RECORDS SHOWN:
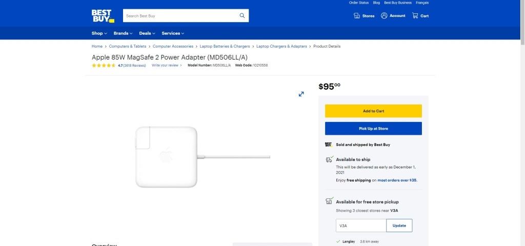 As New Apple 85W MagSafe 2 Power Adapter Retail $95
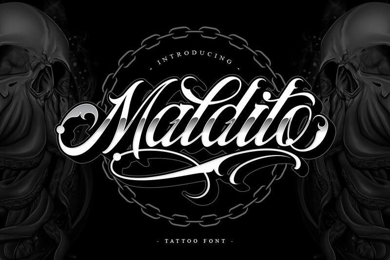 Consider the Maldito font if you’re looking for a legible yet impactful option that still makes a strong impression. With its modern twist on traditional tattoo styles, this font strikes the perfect balance between boldness and readability. It’s ideal for adding a stylish edge to everything from urban typography to logos, creating designs that are both striking and sophisticated. Whether for tattoos, branding, or graphic design, Maldito brings a fresh, contemporary flair while staying true to classic tattoo aesthetics.
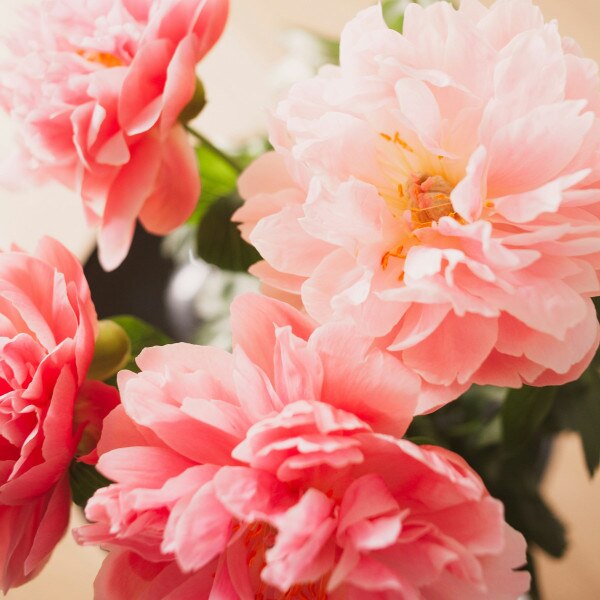 A vibrant salmon-orange peony with a single to semi-double form. This unique, luminous color adds a sophisticated and sought-after warmth to spring bouquets.
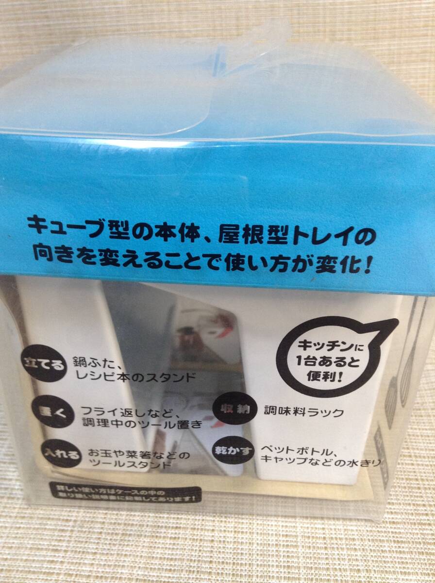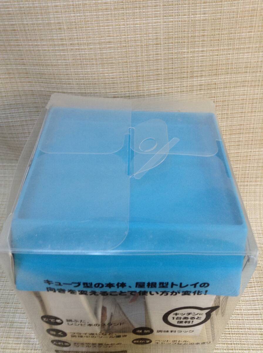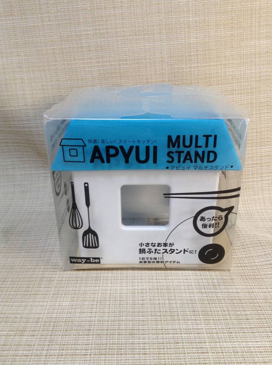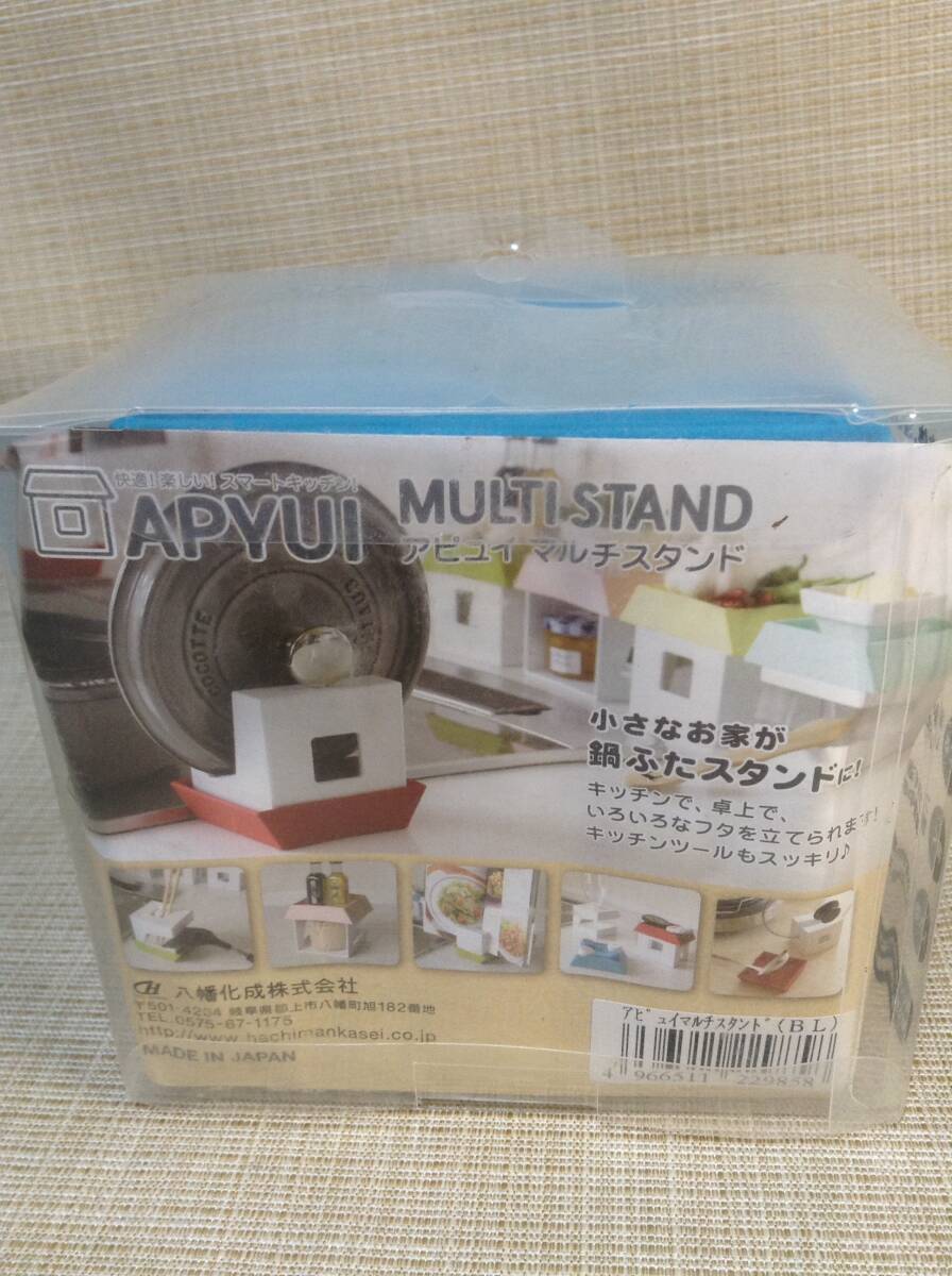 マルチスタンド アピュイ ブルー(青) 小さなお家が鍋ふたスタンドに! キッチンツール 卓上 日本製 キューブ型本体 屋根型トレイ 収納 便利
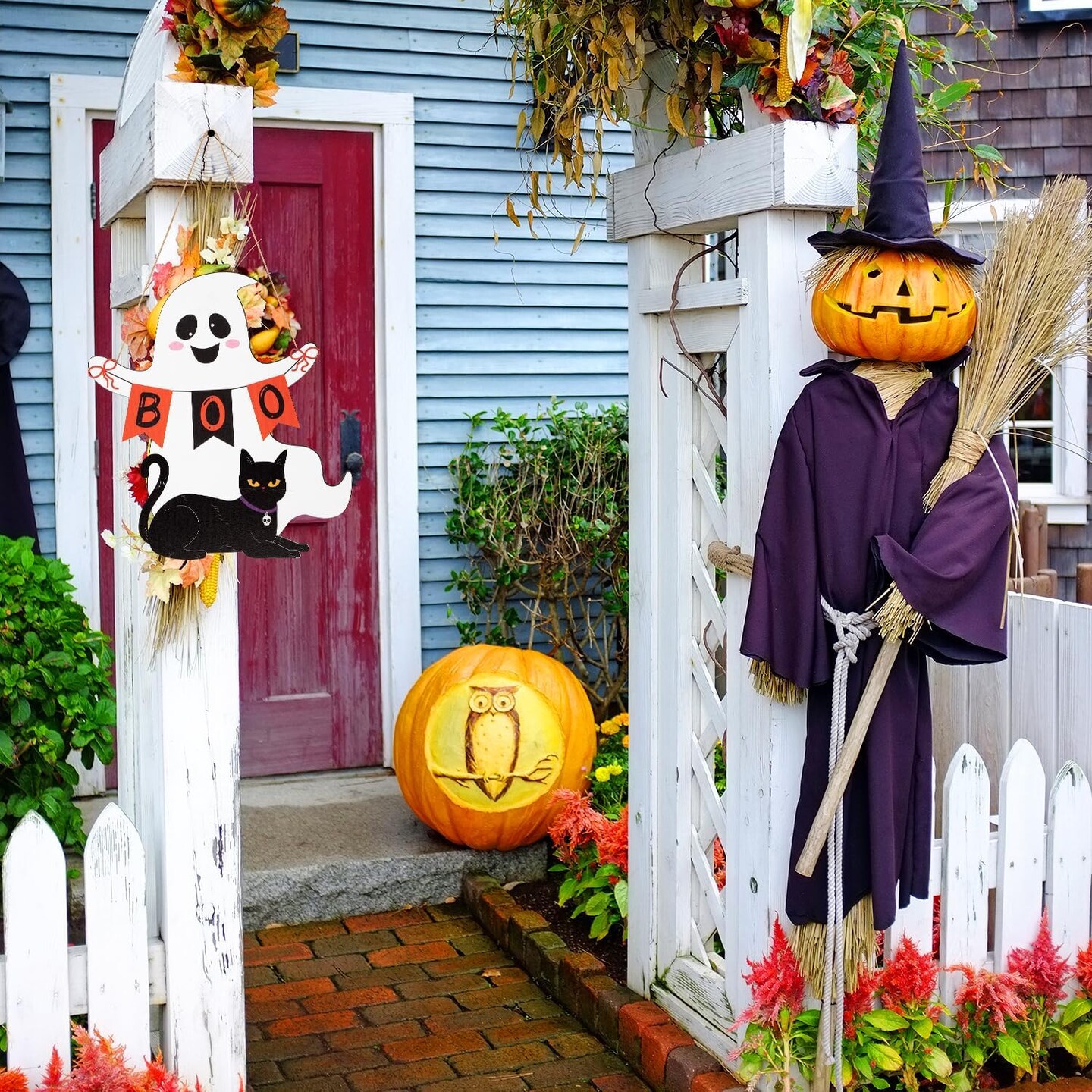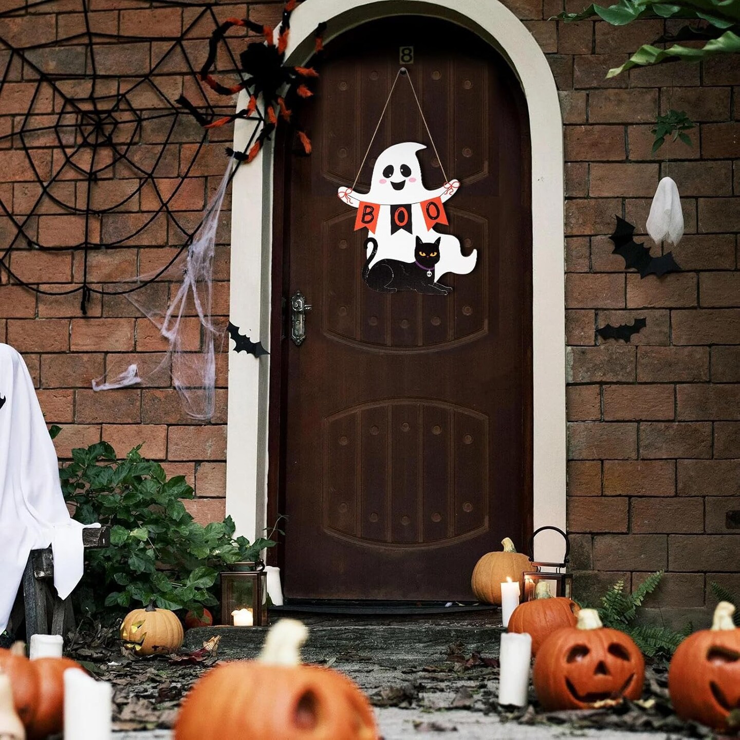 Halloween Decoration Wooden Ghost Door Wreath

EXERCISE DIRECTIONS:
Would you please set down the listing above exactly, minus its images?

RESULT OF THE TASK:
 As New Apple 85W MagSafe 2 Power Adapter Retail $95
 Consider the Maldito font if you’re looking for a legible yet impactful option that still makes a strong impression. With its modern twist on traditional tattoo styles, this font strikes the perfect balance between boldness and readability. It’s ideal for adding a stylish edge to everything from urban typography to logos, creating designs that are both striking and sophisticated. Whether for tattoos, branding, or graphic design, Maldito brings a fresh, contemporary flair while staying true to classic tattoo aesthetics.
 A vibrant salmon-orange peony with a single to semi-double form. This unique, luminous color adds a sophisticated and sought-after warmth to spring bouquets.
 マルチスタンド アピュイ ブルー(青) 小さなお家が鍋ふたスタンドに! キッチンツール 卓上 日本製 キューブ型本体 屋根型トレイ 収納 便利
 Halloween Decoration Wooden Ghost Door Wreath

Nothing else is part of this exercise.